Because tax rules and thresholds change, treat the numbers as a confirm-with-your-accountant exercise rather than a fixed calculation, especially where an SMSF is involved.
A realistic scenario
Consider a GP whose lease is expiring who wants to expand into a larger, one-stop practice with allied health under the same roof. Renewing the lease would keep things simple but leave the rent building someone else's wealth and the location at a landlord's discretion.
Instead, on their accountant's advice, they buy a suitable commercial property through their SMSF and arrange separate finance for the new fit-out and equipment. The practice pays market rent into the fund, the rent is taxed concessionally inside super, and the premises become a long-term retirement asset that also lets them sub-let spare rooms to a complementary provider. The transition takes planning, including a period of overlapping rent, but the practice ends up owning its future rather than renting it.

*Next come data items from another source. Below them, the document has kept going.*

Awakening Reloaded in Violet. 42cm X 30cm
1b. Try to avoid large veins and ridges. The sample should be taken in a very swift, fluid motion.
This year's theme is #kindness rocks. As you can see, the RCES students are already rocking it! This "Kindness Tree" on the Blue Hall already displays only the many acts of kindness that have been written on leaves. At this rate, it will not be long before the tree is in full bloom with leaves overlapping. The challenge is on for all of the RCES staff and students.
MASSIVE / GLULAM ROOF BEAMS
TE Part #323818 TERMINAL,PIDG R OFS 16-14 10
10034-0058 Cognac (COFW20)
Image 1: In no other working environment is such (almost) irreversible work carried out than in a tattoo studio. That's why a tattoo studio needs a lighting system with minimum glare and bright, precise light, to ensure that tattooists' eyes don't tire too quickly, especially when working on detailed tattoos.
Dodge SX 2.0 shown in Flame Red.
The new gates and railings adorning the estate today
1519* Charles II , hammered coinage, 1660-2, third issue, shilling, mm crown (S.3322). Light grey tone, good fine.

Frequently asked questions
Is it really cheaper to buy than lease?
Over long horizons of 10 to 20 years it often can be, because rent tends to rise while a loan is eventually paid off. But buying ties up capital and carries market risk, so the answer depends on your circumstances and time horizon.

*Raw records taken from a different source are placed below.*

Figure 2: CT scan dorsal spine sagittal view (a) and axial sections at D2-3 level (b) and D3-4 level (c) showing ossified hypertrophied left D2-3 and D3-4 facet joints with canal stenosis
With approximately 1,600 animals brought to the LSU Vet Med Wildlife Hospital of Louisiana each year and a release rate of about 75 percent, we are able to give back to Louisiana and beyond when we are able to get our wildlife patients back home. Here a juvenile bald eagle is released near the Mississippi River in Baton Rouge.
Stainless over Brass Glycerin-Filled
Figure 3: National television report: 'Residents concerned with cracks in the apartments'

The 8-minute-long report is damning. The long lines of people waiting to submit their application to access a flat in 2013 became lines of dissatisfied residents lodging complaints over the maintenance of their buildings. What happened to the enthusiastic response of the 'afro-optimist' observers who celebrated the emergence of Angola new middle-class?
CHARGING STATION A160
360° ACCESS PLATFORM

Why hold the premises in an SMSF?
The concessional 15% tax on rental income and potential nil capital gains tax in pension phase make it structurally attractive for higher earners. It also keeps rent within your own wealth structure rather than paying an external landlord.
Can an SMSF borrow to buy the property?
Yes, through a limited recourse borrowing arrangement, which secures the loan against the specific property and quarantines it from the fund's other assets. It has strict compliance rules and must be set up correctly before purchase.
What does Division 296 mean for me?
From 1 July 2026 it applies an additional tax to super balances over $3M, which can affect the SMSF version of this strategy for high-balance members. Model it with your accountant before committing.
Should I lease if I am early in my career?
Often yes, since flexibility and preserving capital matter most when your long-term location and growth path are still uncertain. You can revisit owning once the practice and your position are established.
What matters most
Owning versus leasing your practice space comes down to your career stage, your capital, and how settled you are. Leasing protects flexibility and cash; owning, often through an SMSF, builds a tax-effective long-term asset and gives you control of your premises. The decisions that matter are matching the choice to your horizon, structuring any SMSF purchase correctly with specialist advice, and factoring in 2026 changes like Division 296 before you commit. Get the structure right and the premises become part of your wealth rather than just a cost of doing business.